**What you should do**
The required output is the exact run of lines from the one that contains "Sumate a la" to the end of the data, with every picture left out.

Excerpts from a dataset
============

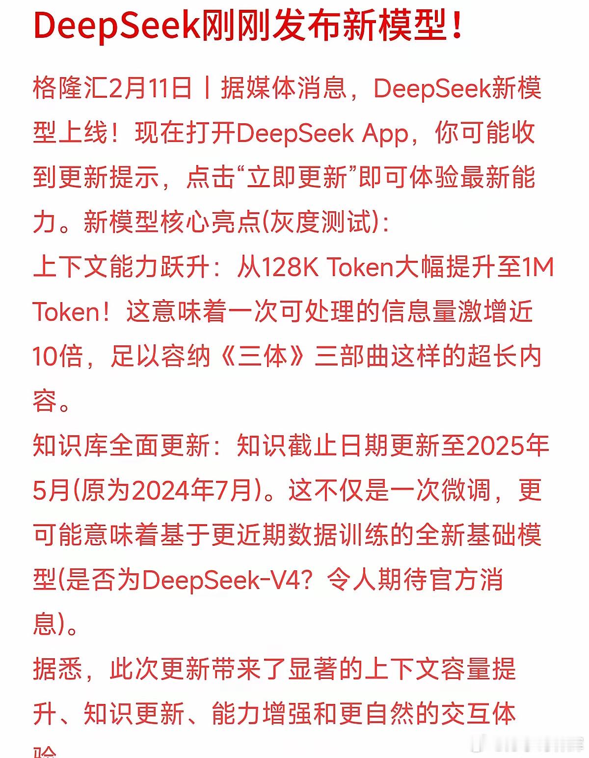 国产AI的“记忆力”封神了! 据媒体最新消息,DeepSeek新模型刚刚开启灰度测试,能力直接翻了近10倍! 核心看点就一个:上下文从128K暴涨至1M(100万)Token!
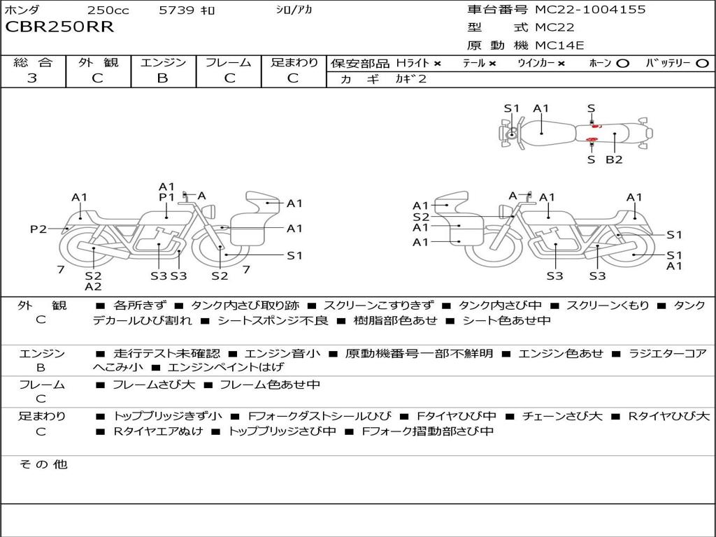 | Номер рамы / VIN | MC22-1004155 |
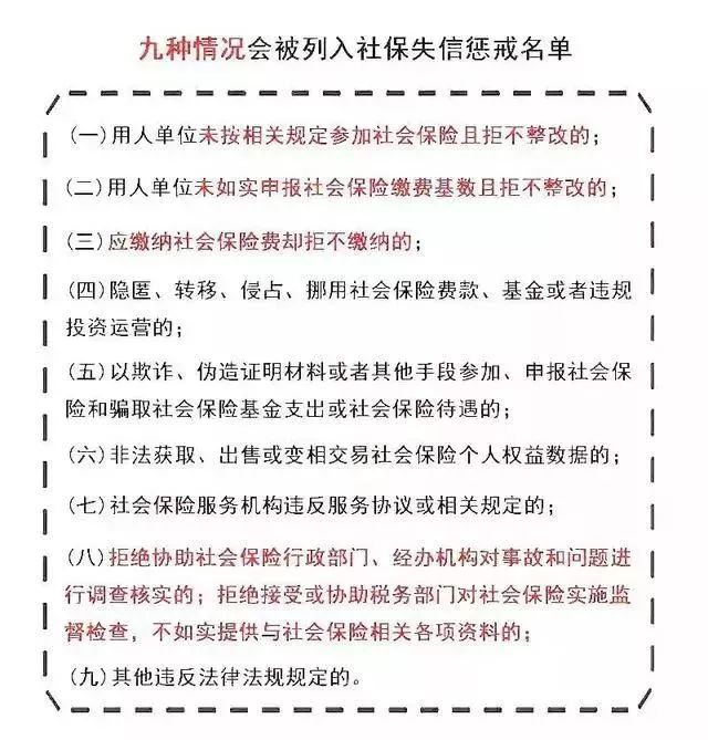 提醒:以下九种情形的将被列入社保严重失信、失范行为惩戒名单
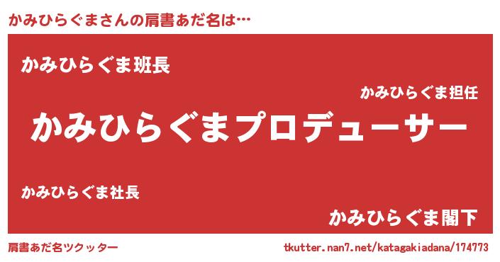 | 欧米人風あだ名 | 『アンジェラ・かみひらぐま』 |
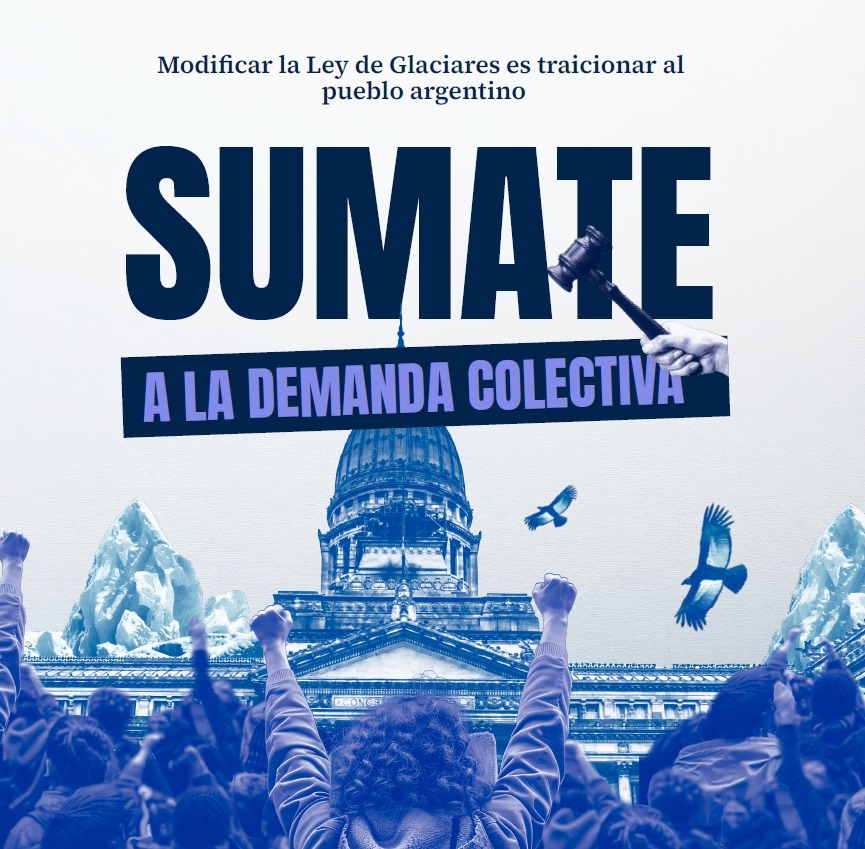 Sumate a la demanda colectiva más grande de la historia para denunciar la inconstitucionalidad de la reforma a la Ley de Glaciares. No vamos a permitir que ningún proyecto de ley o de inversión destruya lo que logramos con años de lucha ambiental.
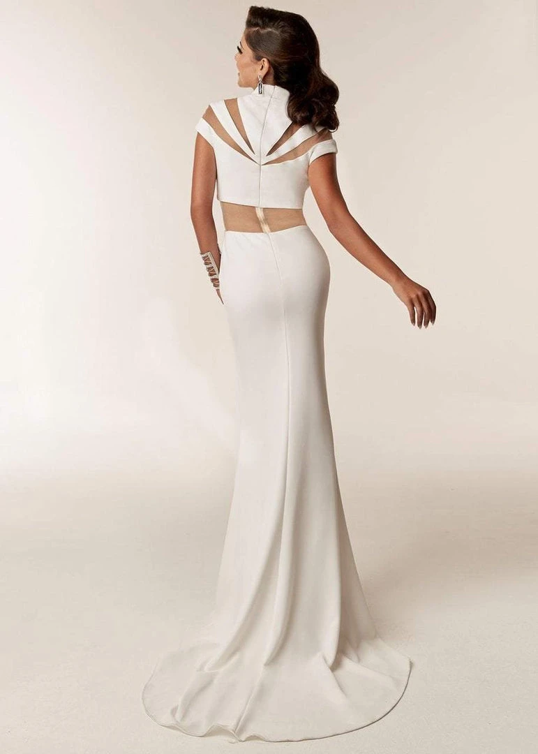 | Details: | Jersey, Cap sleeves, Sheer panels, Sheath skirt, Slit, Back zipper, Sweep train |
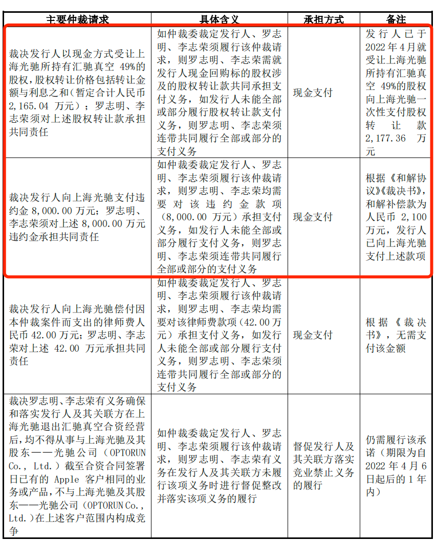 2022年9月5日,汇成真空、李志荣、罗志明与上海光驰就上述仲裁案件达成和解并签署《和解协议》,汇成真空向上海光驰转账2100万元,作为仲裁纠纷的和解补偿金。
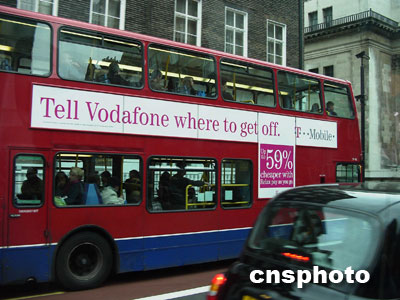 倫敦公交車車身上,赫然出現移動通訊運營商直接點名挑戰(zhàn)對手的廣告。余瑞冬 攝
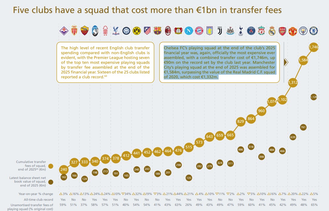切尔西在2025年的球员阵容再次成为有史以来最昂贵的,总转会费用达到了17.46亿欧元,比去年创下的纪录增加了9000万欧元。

============

**Answer to this task**
 Sumate a la demanda colectiva más grande de la historia para denunciar la inconstitucionalidad de la reforma a la Ley de Glaciares. No vamos a permitir que ningún proyecto de ley o de inversión destruya lo que logramos con años de lucha ambiental.
 | Details: | Jersey, Cap sleeves, Sheer panels, Sheath skirt, Slit, Back zipper, Sweep train |
 2022年9月5日,汇成真空、李志荣、罗志明与上海光驰就上述仲裁案件达成和解并签署《和解协议》,汇成真空向上海光驰转账2100万元,作为仲裁纠纷的和解补偿金。
 倫敦公交車車身上,赫然出現移動通訊運營商直接點名挑戰(zhàn)對手的廣告。余瑞冬 攝
切尔西在2025年的球员阵容再次成为有史以来最昂贵的,总转会费用达到了17.46亿欧元,比去年创下的纪录增加了9000万欧元。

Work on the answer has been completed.